Your instructions: Your answer should hold only the lines from the one with "家事鍍技術總監 陳金侑(右)與 NANOBEST" through the end of the records, repeated exactly and minus any pictures.

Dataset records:
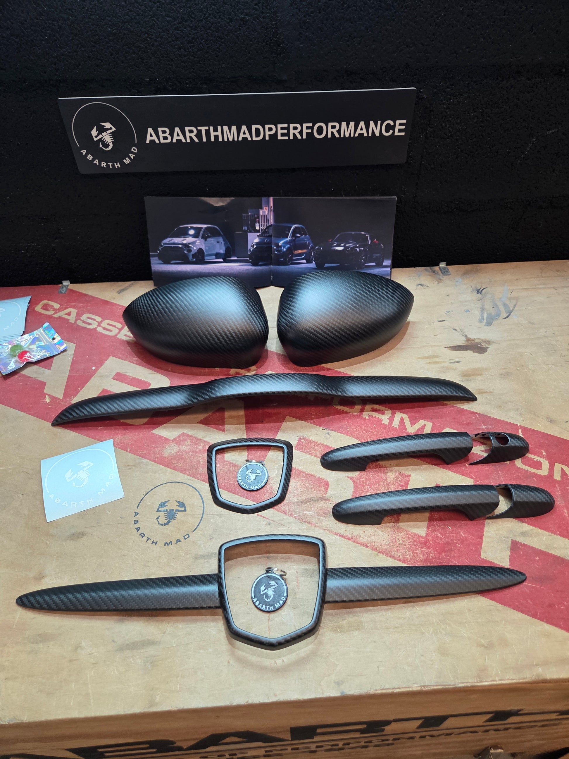 Abarth Kit Cover Exterior Fibra de Carbono Mate Carbon Fiber Matt Pack
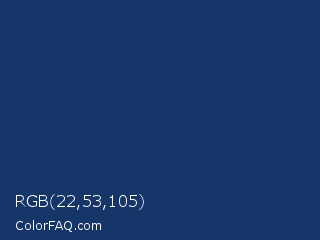 RGB 22,53,105 Color is a dark blue color and the nearest color is Biscay #1b3162. Hex code #163569 and RGB value is rgb(22,53,105). In RGB color space, this color is composed of 9% red, 21% green, 41% blue, In CMYK color space, this color is composed of 79% cyan, 50% magenta, 0% yellow , 59% black , In HSL color space, this color has a hue angle of 218° , 65% saturation and 25% lightness.
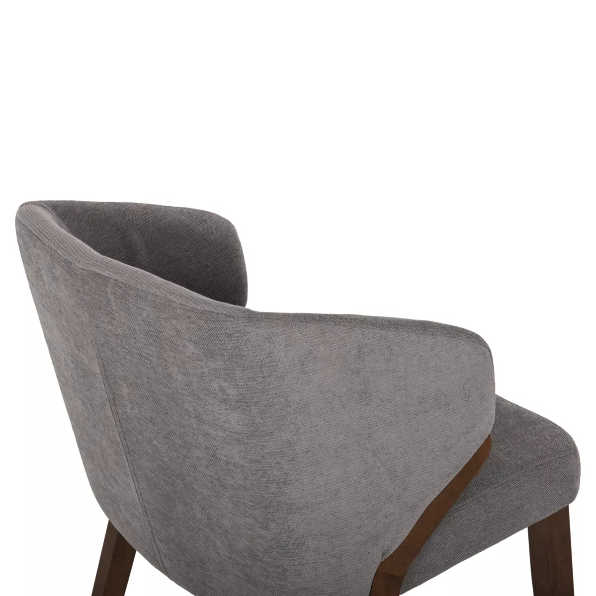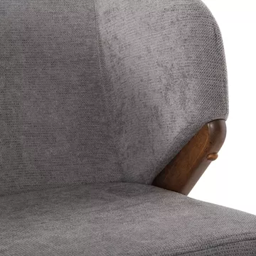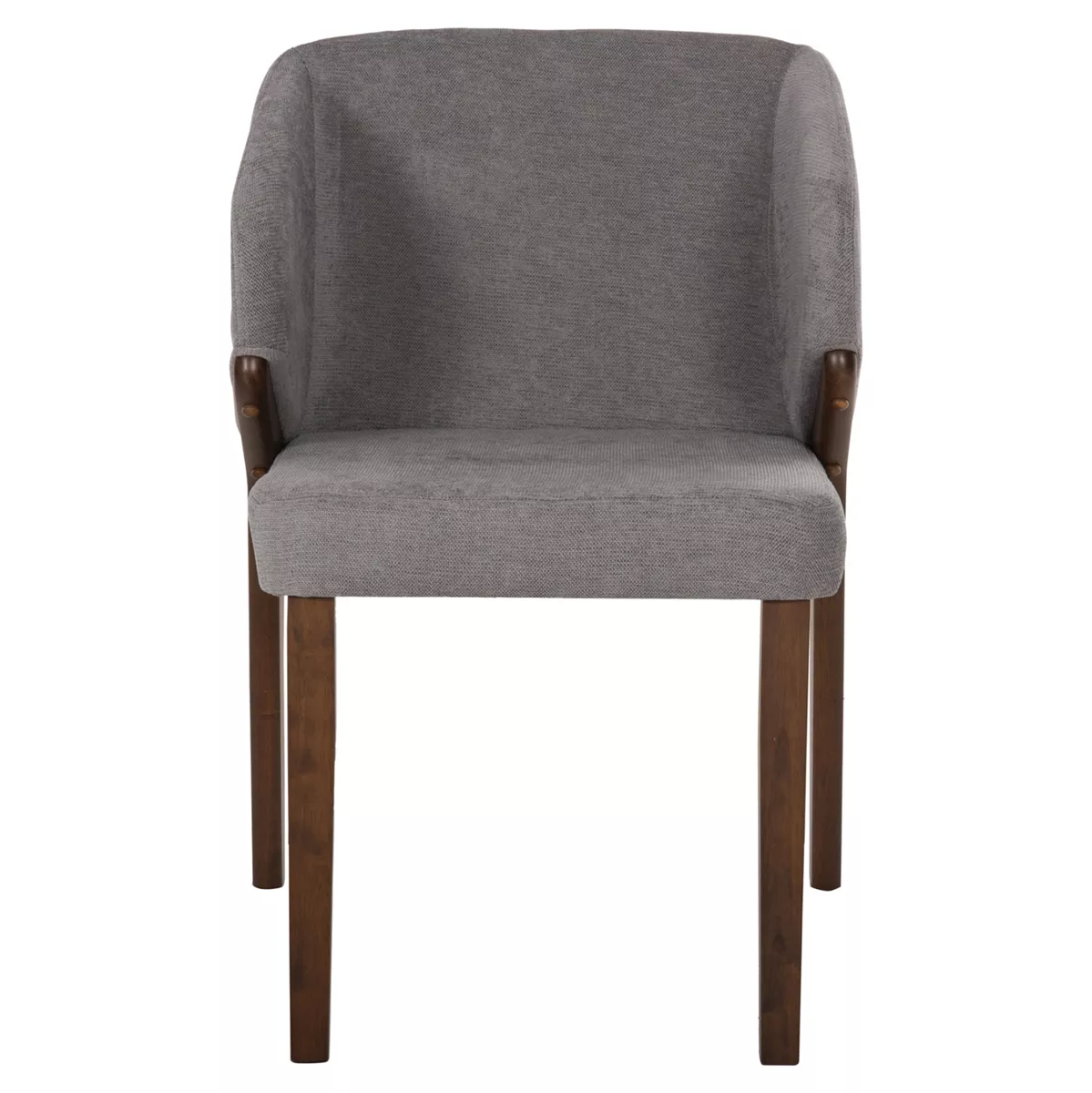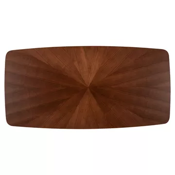 A rectangular dining table with rounded corners with a special feature that the shade of the beveled tabletop and the legs/bases is DARK WALNUT in a sunburst style of veneer, and 6 dining chairs made of quality solid rubberwood in WALNUT color with comfortable squared backs that hug the body upholstered with quality GREY fabric.
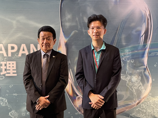 家事鍍技術總監 陳金侑(右)與 NANOBEST 日本 CEO Takashi Umeki(左)於合作發表會現場合影,攜手宣布引進國際級光觸媒專利技術,打造台灣居家環境防護新標準。圖/朱立君攝
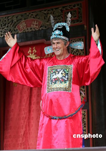 六月二十一日,前中國(guó)足球隊(duì)主教練米盧蒂諾維奇來(lái)到中國(guó)著名水鄉(xiāng)周莊參觀游覽,并穿起戲裝登臺(tái)做秀。作者:毛建軍
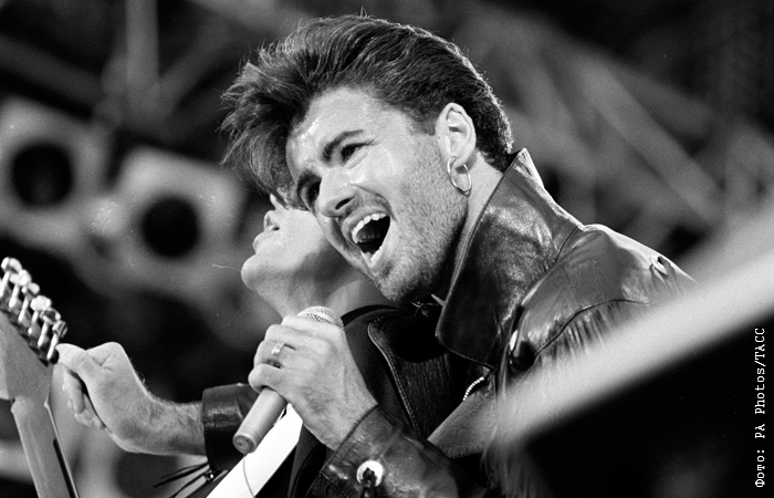 Джордж Майкл во время прощального концерта группы Wham! на стадионе "Уэмбли" в Лондоне. Июнь 1986 года.
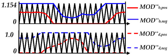 Each inverter leg had two modulating waveforms that were used to generate the positive and negative half-cycles of the inverter-leg output voltage. These waveforms, given in (17a,b), were obtained by subtracting the max and min values in (14) and (15) from the inverter-leg reference voltage waveforms derived in (3a,b) and (4a–c). Subscript x in (17a,b) connotes the phase notations (a,inv2, b, c); and pos, neg denotes the positive and negative half-cycles.
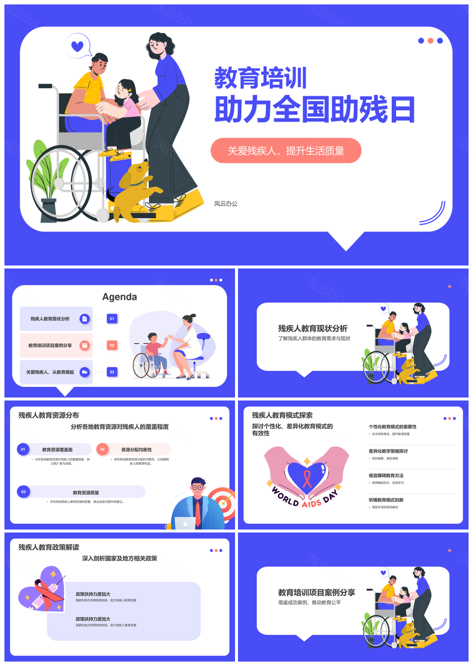 全国助残日关爱残疾人教育融合助残服务权益PPT模板推荐

Response area:
 家事鍍技術總監 陳金侑(右)與 NANOBEST 日本 CEO Takashi Umeki(左)於合作發表會現場合影,攜手宣布引進國際級光觸媒專利技術,打造台灣居家環境防護新標準。圖/朱立君攝
 六月二十一日,前中國(guó)足球隊(duì)主教練米盧蒂諾維奇來(lái)到中國(guó)著名水鄉(xiāng)周莊參觀游覽,并穿起戲裝登臺(tái)做秀。作者:毛建軍
 Джордж Майкл во время прощального концерта группы Wham! на стадионе "Уэмбли" в Лондоне. Июнь 1986 года.
 Each inverter leg had two modulating waveforms that were used to generate the positive and negative half-cycles of the inverter-leg output voltage. These waveforms, given in (17a,b), were obtained by subtracting the max and min values in (14) and (15) from the inverter-leg reference voltage waveforms derived in (3a,b) and (4a–c). Subscript x in (17a,b) connotes the phase notations (a,inv2, b, c); and pos, neg denotes the positive and negative half-cycles.
 全国助残日关爱残疾人教育融合助残服务权益PPT模板推荐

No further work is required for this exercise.